Business

Maha likely to raise stamp duty, tax e-commerce transaction, impose cess on mobile users

Burdened with a high public debt of Rs 3.44 lakh crore and a revenue deficit of Rs 26,000 crore, the BJP-led government in Maharashtra may increase the stamp duty to Rs 500 from the present Rs 100 required to be paid on any transaction paper including declaration, affidavit or agreement. 

The Devendra Fadnavis government is all set to present its maiden budget in the state legislature on March 18.

The government hopes to mobilise about Rs 5,000 crore annually. Further, the government wants to make e-commerce transactions taxable on the lines of Kerala and Karnataka. This will add nearly Rs 1,000 crore to the state exchequer.

Moreover, the BJP-led government is contemplating imposition of a monthly cess  of Rs 10 on mobile users to mobilise Rs 1,440 crore annually. The government may introduce some cess when additional floor space index (FSI) is granted to the realty sector.

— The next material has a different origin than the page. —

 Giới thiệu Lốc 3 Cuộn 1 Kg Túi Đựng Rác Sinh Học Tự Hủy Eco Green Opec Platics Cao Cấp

The government expects to raise about Rs 500 to 1,000 crore annually.

In order to fulfil the poll promise to scrap local body tax (LBT) currently recovered by 25 municipal corporations, the government proposes to impose one or two per cent surcharge on value added tax (VAT)  from April 1 this year till the launch of goods and services tax (GST) from April next year.

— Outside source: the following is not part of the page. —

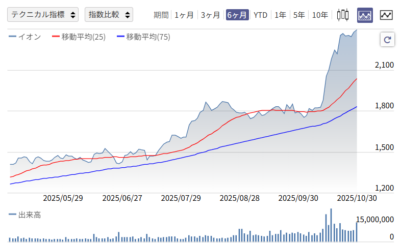 海外リスクが高まるなか、生活必需品を扱う内需株が見直されています。イオンは日常消費に直結する企業として安定感があり、資金が集まりやすい状況です。

The government will have to take a call whether the Octroi collected by the Brihan Mumbai Municipal Corporation will be abolished from April 1 this year or after the introduction of GST next year. The government will have to then ensure that annual revenue of Rs 15,000 crore earned by these 26 municipal corporations is protected for at least one year.

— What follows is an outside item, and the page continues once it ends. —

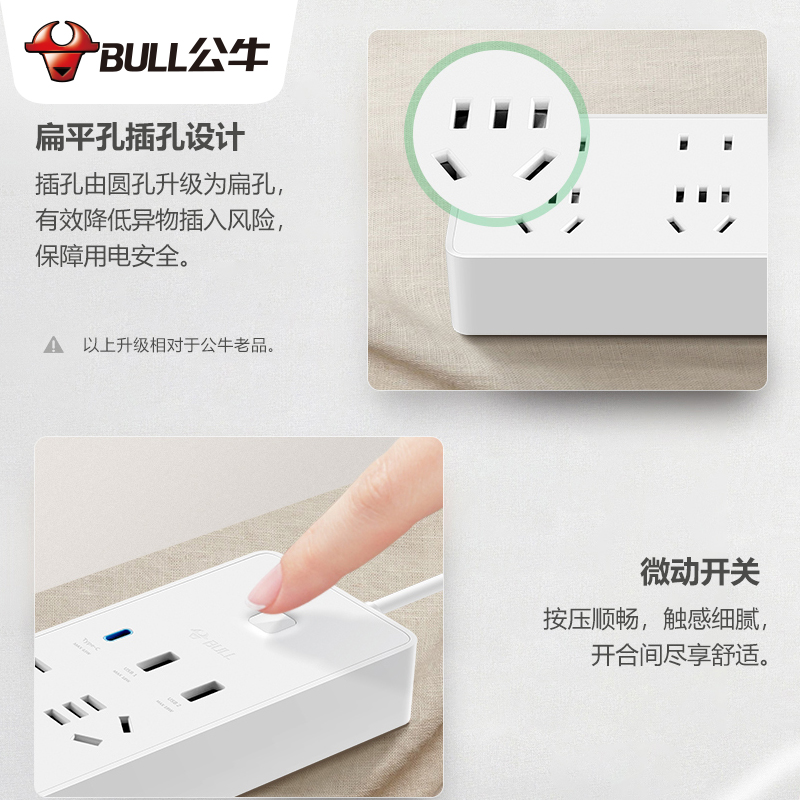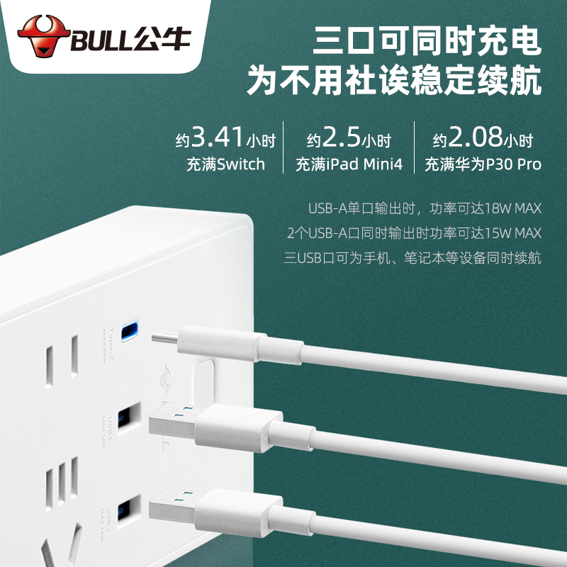 Bull Fast-charging Plug-in Mobile Phone Charger Quick Charge Universal Typec Multi-Head Data Wire Socket USB Power Extension Cord Multifunction Plugboard With Wire Intelligent Laptop Computer Desk Face Platoon Plug

As far as toll cess is concerned, the chief minister Devendra Fadnavis has denied that BJP had never promised to totally abolish toll in the state but said the government is quite keen to rationalise toll rates.

Besides, a new toll policy is being proposed with a buy back arrangement in agreement with the contractor and also give concessions to few vehicles in the current toll collection deals.

State finance minister Sudhir Mungantiwar told Business Standard, ”The government cannot increase taxes but it will now put in place a strict monitoring mechanism to evaluate how the allocated funds are used properly and in a time bound manner on proposed heads. The government will focus on further strengthening the physical infrastructure especially in the rural area, allot funds especially for those irrigation projects which are almost 75 to 85% complete and encourage jobs especially in the micro, small and medium enterprises.”

Further, the minister said special attention will be paid to increase the farm output through producer group. Besides, the government lays emphasis on the implementation of state wide water conservation project entitled Jalyukta Shivar Yojana.

According to Mungantiwar, the government will further encourage self help groups managed by the women in a bid to increase small businesses and jobs.